Она была уверена, что вызванная в срочную командировку Зинаида Осиповна, всё-таки успеет приехать к выпускному дню дочери.
Однако, увидев расстроенное лицо девочки, она моментально поняла, что ошиблась.
И всё же подавать вида ей не хотелось.
- Что? – с напускной весёлостью спросила она, снимая с огня ковшик с молоком, - кто там пожаловал?
- Почтальон, - хмуро ответила Ларочка, и, положив какие-то бумаги на старенький низкий холодильник «Саратов», произнесла:
- Квитанции на оплату квартиры принёс.
- Да ладно тебе, Ларисонька, - голос тёти Сони продолжал оставаться спокойным, - на дворе ещё только утро. Впереди целый день. Успеет твоя мама к вечеру вернуться, вот увидишь.
А Зинаида Осиповна, подписав в министерстве пищевой промышленности целую кучу важных бумаг, ехала в тот момент в поезде.
- Как я его скрутила, а? – думала она не без гордости, вспоминая разговор с зам.министра. – Не проявила бы я такой напор, осталась бы наша фабрика ещё на целый год без заказов. А теперь… - мечтала она, медленно помешивая чай в гранёном стакане, которые можно было увидеть в поездах всех направлений, - и кондитерскую продукцию продолжим выпускать, и пени, которые нам выписали за вынужденный простой, платить не будем.

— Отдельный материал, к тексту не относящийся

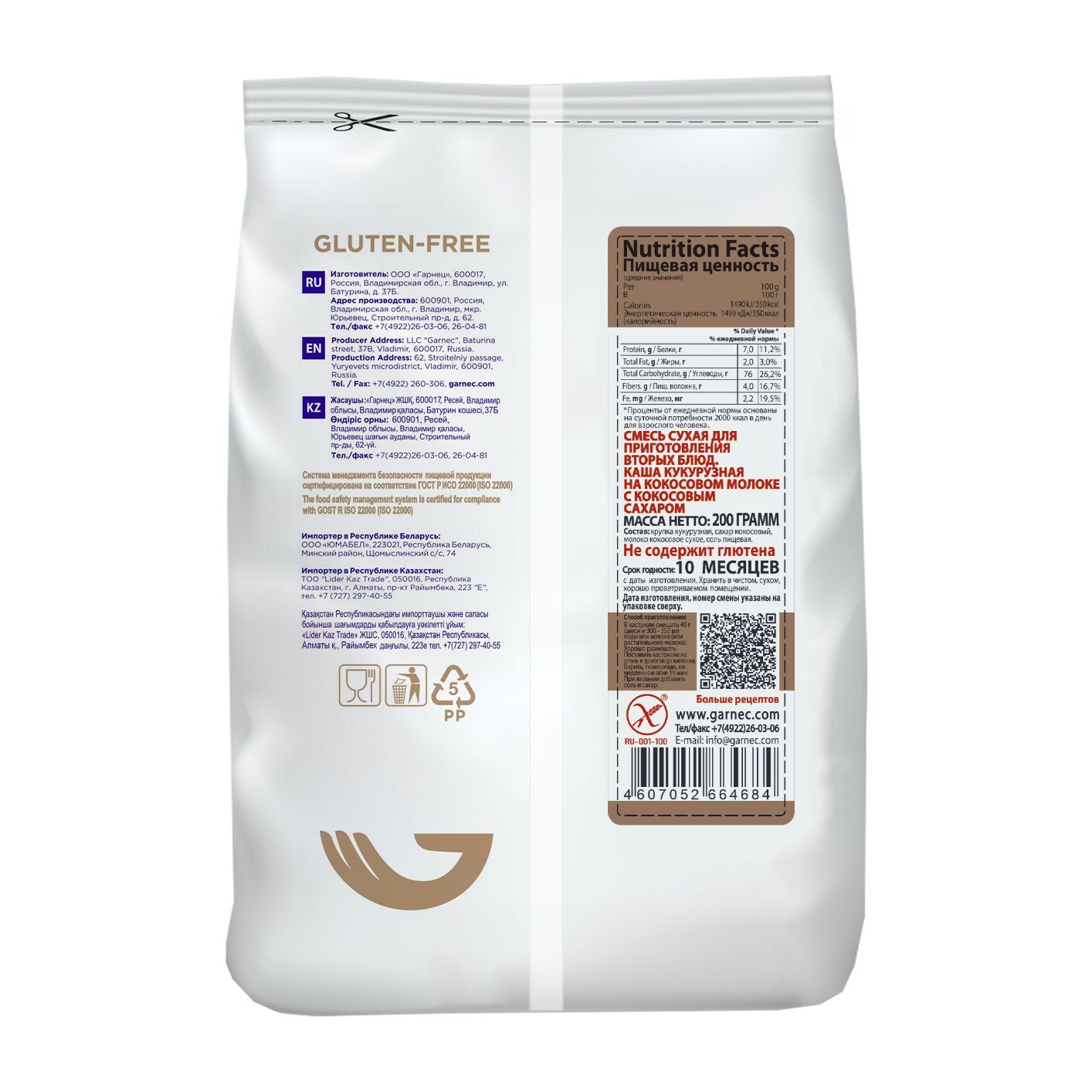 Данный продукт не содержит глютен. Отсутствие глютена проверяется на каждом этапе производства. Компания Гарнец первой в России получила право маркировать свои продукты «Перечеркнутым колосом» - знаком безопасности безглютеновой продукции, признанным в большинстве развитых стран.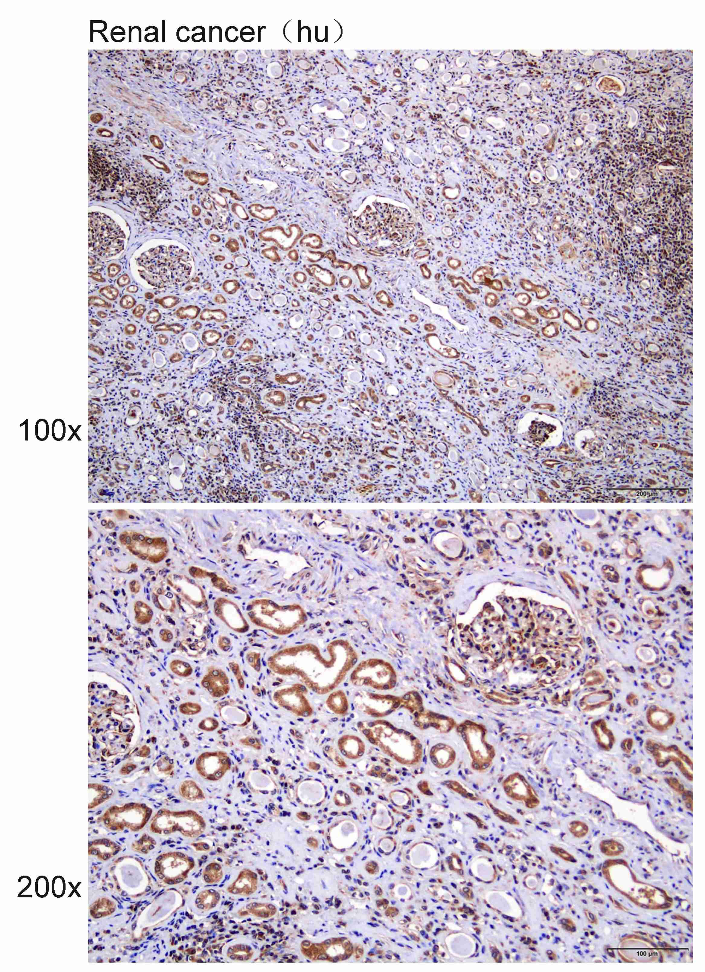 Immunohistochemistry?of?paraffin-embedded?Human Renal cancer?with?FKBPL antibody diluted at 1:50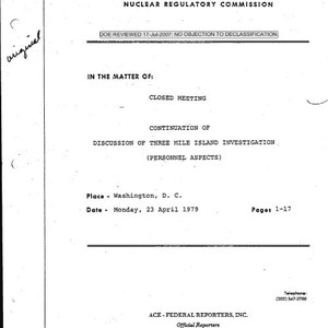 In the matter of closed meeting on the continuation of discussion of Three Mile Island investigation (personnel aspects)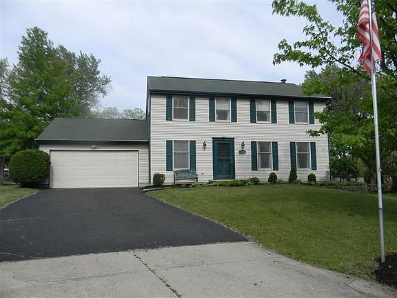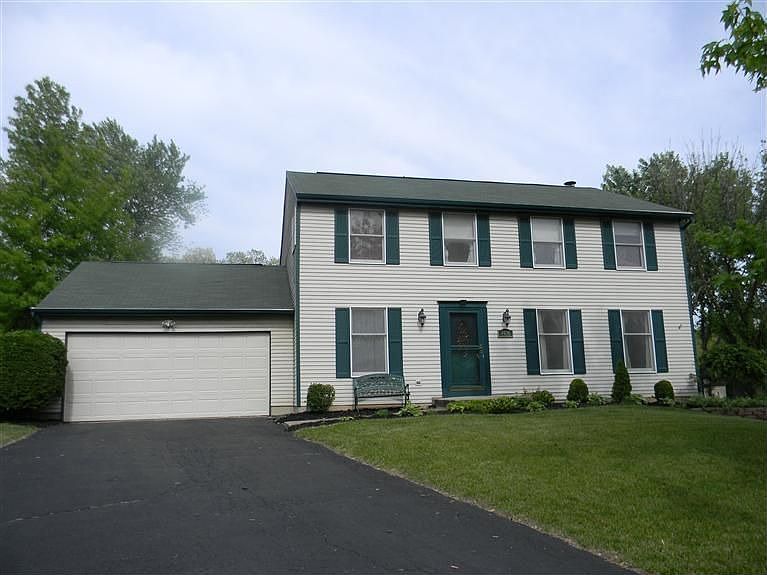 Looking for a spacious two story with semi-finished basement,4 bedrooms,2 full baths,2 half baths and a nice size yard to play in?Look no more,here it is.Home has many things to boast about.To start off,home being located on a court,pull into the two car driveway with two car attached garage and your journey begins. Main level and upstairs carpeting new,kitchen has porcelain tile floor,recessed lighting above as well as under cabinet lighting and to top it off,granite counter tops.Kitchen appliances stay.Familyroom has woodburing fireplace and off of familyroom are sliding doors that lead to two tiered deck and 24 foot above ground pool to cool off in and theres still plenty of room to play in the yard.Property also backs up to green space.Back inside and down to the basement enjoy the 12 foot bar,brass sink and refrigerator for an entertaining combination.Also has half bath and workshop area.New 200 amp electric service panel,heat pump and inside unit new 2004.Home warranty offere

То, что документацию надо было утрясти с одним заводом, который поставлял на фабрику автоматические линии по выпуску карамели и прочее оборудование – это для Зинаиды Осиповны после одержанной победы над несговорчивым чиновником уже не казалось проблемой, выходящей за рамки невозможного. Вообще, хоть завод этот и считался партнёром, но ввиду нерентабельности, был балластом для их кондитерской фабрики потому что поставки производились с большими задержками. По своей собственной инициативе Зинаида Осиповна ни за что бы не поехала на никчёмный по всем меркам завод, который по всем показателям тянул их назад. Но приказ зам.министра, и в особенности те бумаги, которые удалось подписать, благодаря настырному характеру, отрезали ей все пути к отступлению. Зинаида Осиповна достала из пакета пачку земляничного печенья и, откусив небольшой кусочек, с удовольствием сделала глоток чая из стакана.
- А ведь у Ларки-то сегодня выпускной вечер, - вдруг подумала она. – И ведь надо же! Как раз тогда, когда им аттестаты будут вручать, я, наверное, и буду проезжать мимо нашего родного Котельникова.
На секунду Зинаида Осиповна задумалась, словно прикидывала, стóит ей выйти из поезда, чтобы попасть на выпускной к дочери или всё-таки нет.
- Это ведь такая морока, - тут же пришла в голову следующая мысль, - из поезда выходи, билет меняй, потом завтра опять садись в поезд… А вдруг мест до нужной мне станции не будет? И тогда все хлопоты, которые касаются документации подписанной в самой Москве, можно будет считать бесполезными.
- Да и нужна ли я ей там? – словно утешая саму себя, вслух спросила Зинаида Осиповна, благо в купе кроме неё никого больше не было. – Будет там гулять да веселиться, о матери и не вспомнит, поди, ни разу.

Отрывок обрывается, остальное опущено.